In everyday life, we make decisions by considering all the available information, and often find that inclusion of even seemingly circumstantial evidence provides an advantage. Our new computational method Collage prioritizes genes from a large collection of heterogeneous data. In a case study on social amoeba Dictyostelium, we started from four bacterial response genes and 14 different data sets ranging from gene expression to pathway and literature information. Collage proposed eight candidate genes that were tested in the wet laboratory. Mutations in all eight candidates reduced the ability of the amoebae to grow on Gram-negative bacteria. Furthermore, five out of the eight candidate genes were required for growth on Gram-negative bacteria but had no discernible effect on growth on Gram-positive bacteria. This is a remarkably accurate result since only about a hundred of the 12,000 Dictyostelium genes are estimated to be responsible for bacterial response.

Introduction

In the natural sciences, incorporating all the data, especially circumstantial information, can be conceptually and computationally challenging. The difficulty stems from the heterogeneity and abundance of data sets. Consider a typical data analysis task in molecular biology: besides experimental data, such as levels of gene expression, there are plenty of other data sets at our disposal, such as protein-protein binding sites, genetic and metabolic pathways, functional annotations, genetic interactions, phenotype ontologies, diseases, drugs and their side effects. Intuitively, collective mining of all available information sources should improve accuracy of predictive modeling. However, the challenges are to integrate seemingly unrelated concepts from heterogeneous data sets [1] and fuse various data sets into a single predictive model.

Here we present a method called Collage that can consider a large number of potentially indirectly related data sets and use them for gene prioritization. Computational prediction of gene function is a formidable challenge. Given a small set of seed genes that are known to be responsible for a particular function, gene prioritization [2] aims to identify the most promising candidates for further studies. Present data integration approaches for gene prioritization can be divided into four groups: methods that consecutively filter one data set at a time [3]; methods that stitch together gene profiles from different data sources and then treat the stitched parts equally [4]; methods that use each data set separately to estimate the similarity of candidates to the seed genes and then fuse similarity scores through weighting [58, 812]; and methods that construct gene correlation networks independently from each data set and find genes that are similar to the seed genes in the composite network [1317].

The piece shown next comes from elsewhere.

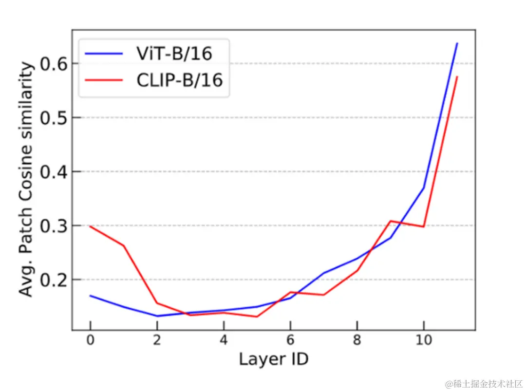 根据上述分析,我们可以得出结论:token 级的训练目标(例如语言建模中的:next token prediction)表现出较轻的 over-smoothing。另一方面,基于 sequence 级别的目标(如对比图像预训练)更容易出现 over-smoothing。为了验证这个结论,我们使用 CLIP 和 OPT 进行了类似的 cosine 相似度实验。我们可以看到 CLIP 模型展现了与 Vanilla ViT 类似的 over-smoothing 现象。这一观察结果符合我们的预期。

These approaches are limited to data that explicitly refer to genes. They cannot readily treat data that are relevant for gene prioritization but are provided in a non-gene data space, such as disease ontologies, phenotype classifications, drug interactions and annotations of small chemicals. A labor-intensive approach to consider data from non-gene space is feature engineering, which transforms circumstantial data into gene profiles. However, feature engineering is neither standardized nor effortless and is a bottleneck that prevents the implementation of truly large-scale data fusion for gene prioritization. As an alternative to gene-centric approaches, Collage represents a major advancement in (i) the breadth of data it can incorporate, (ii) the ease of data integration without complex feature engineering, (iii) the high prediction accuracy, (iv) the ability to retain the relational structure both within and between data sets during model inference and (v) the capacity to incorporate knowledge of data structure in model design.

We used Collage to solve a problem in an exciting and relatively new field of interest − the use of Dictyostelium as a model system to explore the interaction between eukaryotes and prokaryotes. D. discoideum is a free-living soil amoeba that feeds on bacteria. The amoebae eat both Gram-negative and Gram-positive bacteria, but they respond differently to bacteria from these two groups. Early studies have shown that mutations can impair the ability of the amoebae to grow on either Gram-positive or on Gram-negative bacteria [18]. Other studies have shown that the amoebae can serve as a model for the interaction between eukaryotes and prokaryotes, including pathogenesis [1921]. This system is an important addition to the field because Dictyostelium is a very convenient model organism that offers a variety of experimental tools, including classical genetics and modern genomic approaches.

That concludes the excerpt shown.